EXERCISE REQUIREMENTS:
If a picture appears, leave it out, and reproduce exactly the lines from the start of the listing below through the one bearing "2 - qu'il existe".

THE DATA:
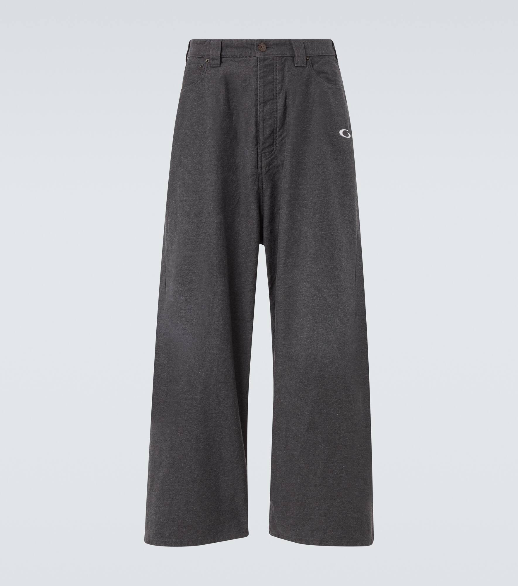 Crafted from denim to a mid-rise, relaxed silhouette, the Trompe L’Oeil sweatpants by Balenciaga bring an edgy twist to casual wear. This pair is finished with a Loop Sports Icon embroidered on the leg. Product Details - Material: 100% cotton - Care instructions: machine wash at 30 degrees - Made in Japan - Designer color name: Anthracite - Item color: gray - Pocket lining: 100% cotton - Details: 100% polyester - Closure: button fastening - Belt loops - Pockets: five pockets - Item number: P01057345 Size & Fit - True to size - Non-stretchy fabric - Wide-leg - Mid-rise - Low inseam - Height of model is 189cm-74.5" and wears a size L
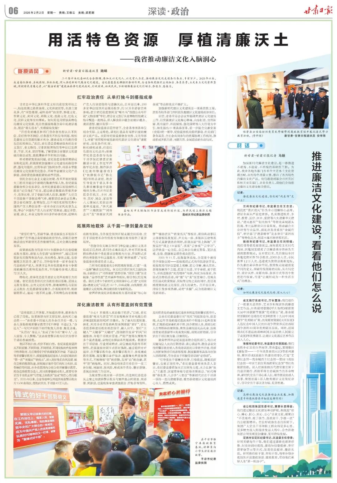兰州市纪委书记、市监委主任王志坚:我们把“黄河清风”作为全市创廉核心品牌,讲好全面从严治党故事。扎实推进机关、乡村、教育、医疗、国企、家庭等六大清廉单元建设,“清风惠农”“阳光招生”等做法实现源头防腐,单元品牌效应日益显现。推动融合主业培育行业品牌,涌现出发改系统“金诚有信”、审计部门“清廉铸审”及永登县“廉润玫乡”等特色亮点,创廉土壤不断培厚巩固。
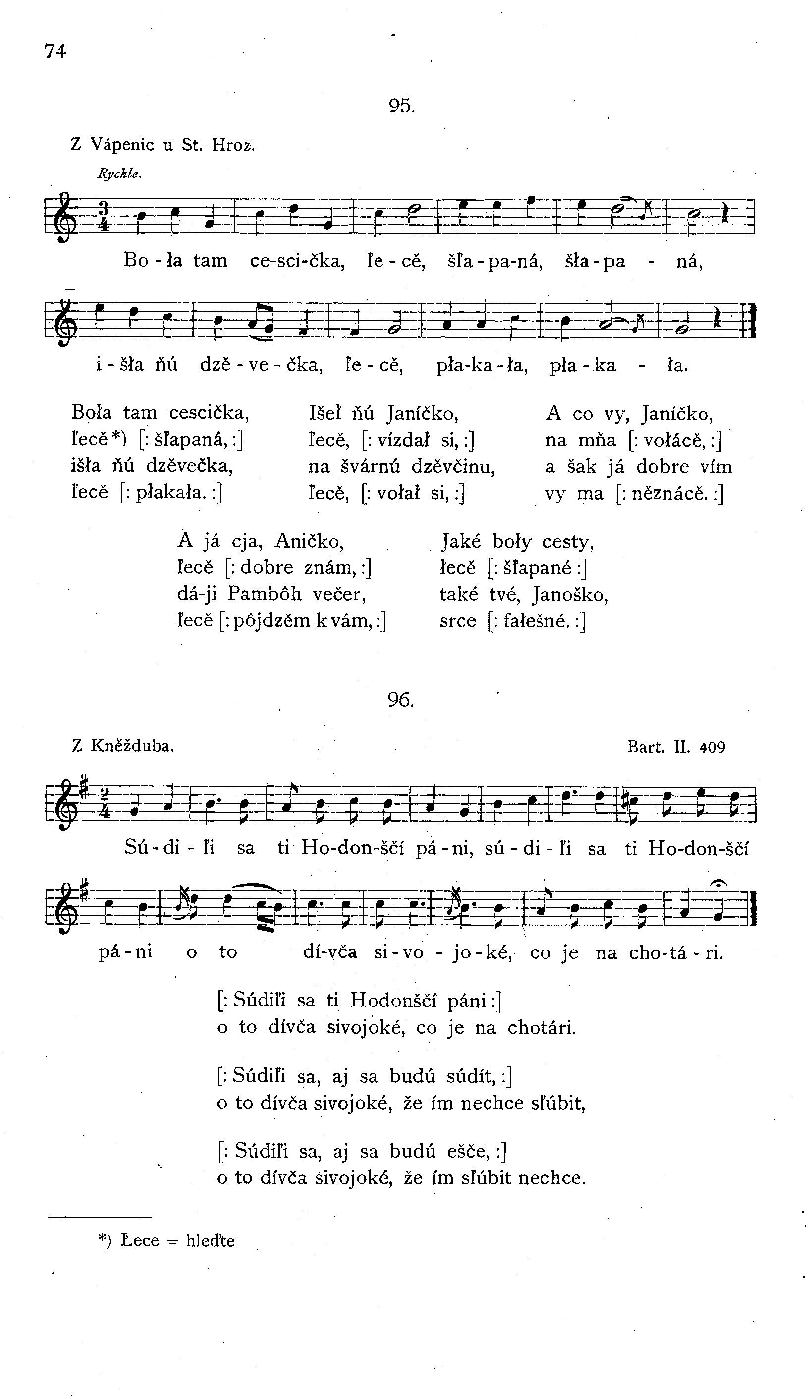 Boła tam cescička, ľecě*) [: šľapaná, :] išła ňú dzěvečka, ľecě [: płakała. :] Išeł ňú Janíčko, ľecě, [: vízdał si, :] na švárnú dzěvčinu ľecě, [: vołał si. :] A co vy, Janíčko, na mňa [: vołácě, :] a šak já dobre vím vy ma [: něznácě. :] A já cja, Aničko, ľecě [: dobre znám, :] dá-ji Pambôh večer, lecě [: pôjdzěm k vám. :] Jaké boły cesty, ľecě [: šľapané :] také tvé, Janoško, srce [: fałešné. :]
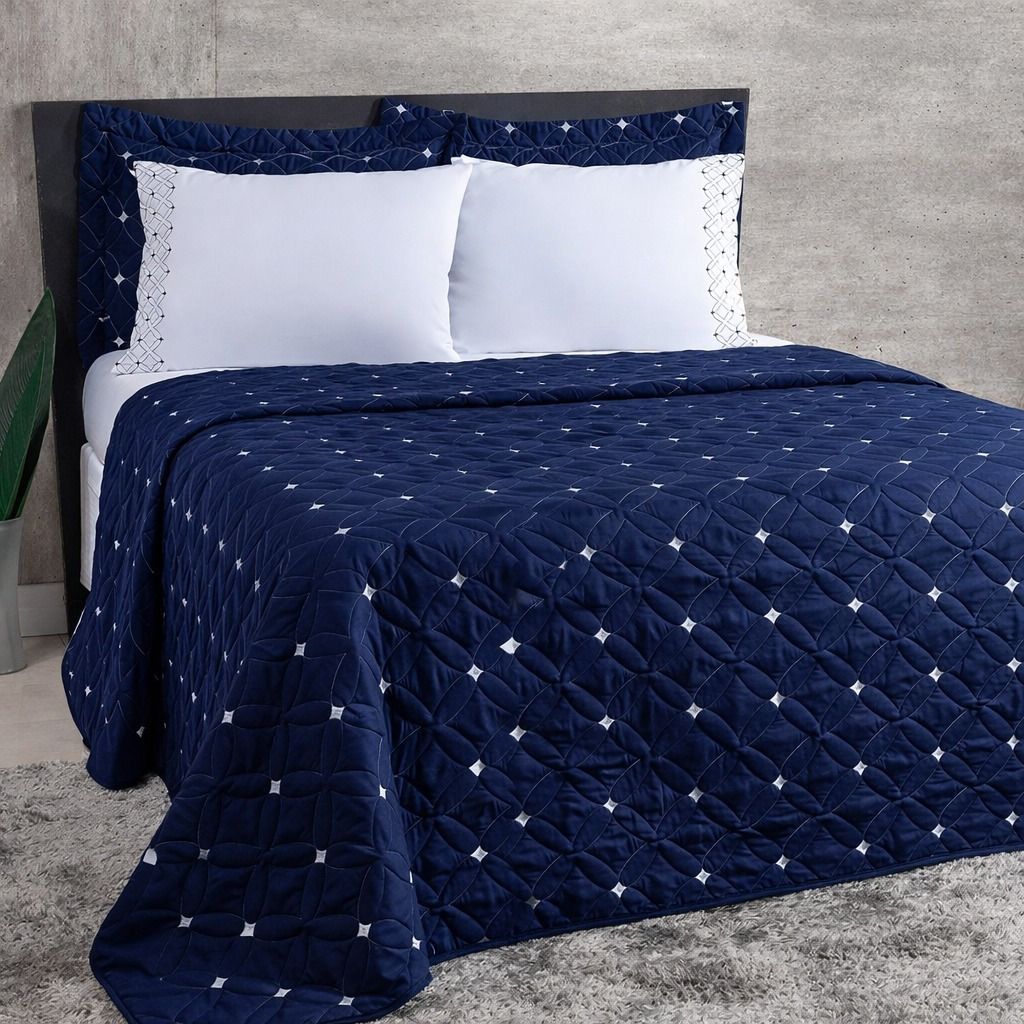 Kit Cobre Leito CASAL QUEEN SUPER KING COM JOGO DE LENÇOL Bordado 06 Peças IDEALE
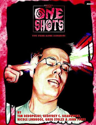 2 - qu'il existe un étonnant recueil de scénario, appelé One shots, qui contient (ô surprise !) des scénarios à jouer en une fois, indépendants et tous plus ou moins fumés, plutôt plus que moins, disons.
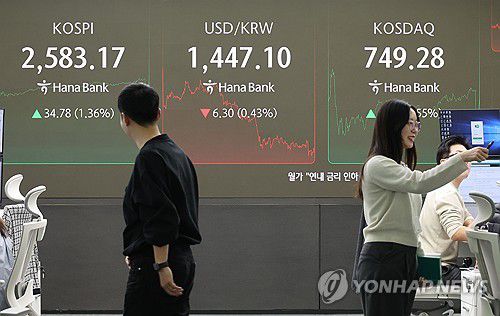 전날 코스피 지수는 전장보다 34.78포인트(1.36%) 오른 2,583.17로 장을 마감하며 3거래일 연속 올랐다.
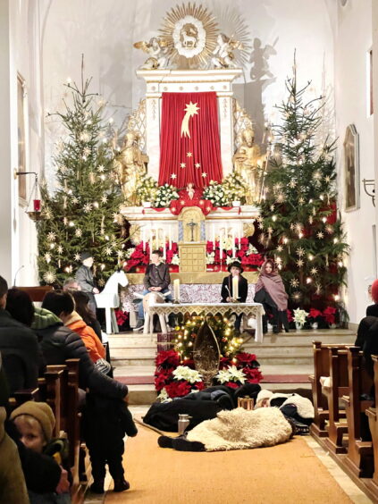 Die Trachtenkinder vom Trachtenverein Wildenwart haben heuer das Kinderkrippenspiel am Heiligabend in der Christkönigkirche mitgestaltet.
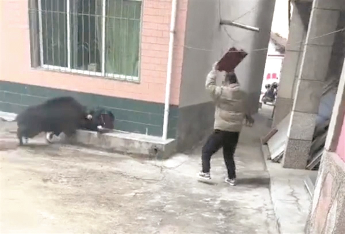 楚天都市报极目新闻讯(记者舒隆焕)2月12日,陕西汉中勉县一女子被野猪袭击的视频引发关注。视频显示,一头野猪进村后冲向民房,撕咬一名女子。女子拿着棍子打野猪,却被扑倒在地上遭撕咬,旁边男子也在驱赶野猪。
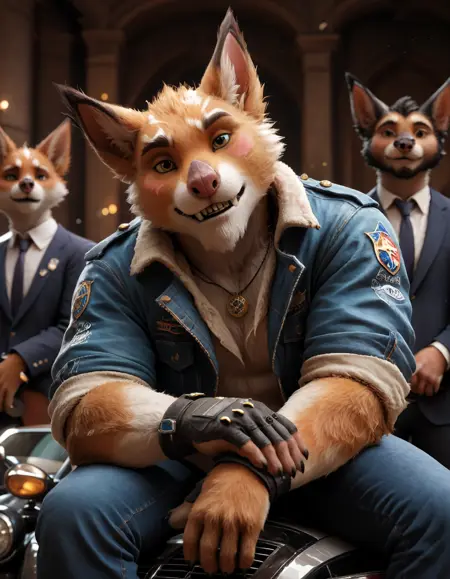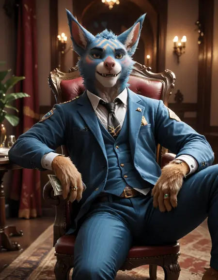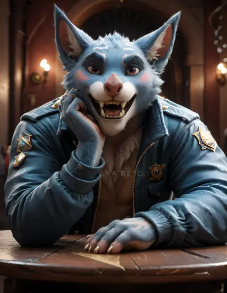 // Illustrious: kubrow, alien, mammal, solo, no humans, anthro, furry, male focus, 1boy, pointy nose, looking at viewer, furry male, colored fur, tail, claws

PROBLEM SOLUTION:
 Crafted from denim to a mid-rise, relaxed silhouette, the Trompe L’Oeil sweatpants by Balenciaga bring an edgy twist to casual wear. This pair is finished with a Loop Sports Icon embroidered on the leg. Product Details - Material: 100% cotton - Care instructions: machine wash at 30 degrees - Made in Japan - Designer color name: Anthracite - Item color: gray - Pocket lining: 100% cotton - Details: 100% polyester - Closure: button fastening - Belt loops - Pockets: five pockets - Item number: P01057345 Size & Fit - True to size - Non-stretchy fabric - Wide-leg - Mid-rise - Low inseam - Height of model is 189cm-74.5" and wears a size L
兰州市纪委书记、市监委主任王志坚:我们把“黄河清风”作为全市创廉核心品牌,讲好全面从严治党故事。扎实推进机关、乡村、教育、医疗、国企、家庭等六大清廉单元建设,“清风惠农”“阳光招生”等做法实现源头防腐,单元品牌效应日益显现。推动融合主业培育行业品牌,涌现出发改系统“金诚有信”、审计部门“清廉铸审”及永登县“廉润玫乡”等特色亮点,创廉土壤不断培厚巩固。
 Boła tam cescička, ľecě*) [: šľapaná, :] išła ňú dzěvečka, ľecě [: płakała. :] Išeł ňú Janíčko, ľecě, [: vízdał si, :] na švárnú dzěvčinu ľecě, [: vołał si. :] A co vy, Janíčko, na mňa [: vołácě, :] a šak já dobre vím vy ma [: něznácě. :] A já cja, Aničko, ľecě [: dobre znám, :] dá-ji Pambôh večer, lecě [: pôjdzěm k vám. :] Jaké boły cesty, ľecě [: šľapané :] také tvé, Janoško, srce [: fałešné. :]
 Kit Cobre Leito CASAL QUEEN SUPER KING COM JOGO DE LENÇOL Bordado 06 Peças IDEALE
 2 - qu'il existe un étonnant recueil de scénario, appelé One shots, qui contient (ô surprise !) des scénarios à jouer en une fois, indépendants et tous plus ou moins fumés, plutôt plus que moins, disons.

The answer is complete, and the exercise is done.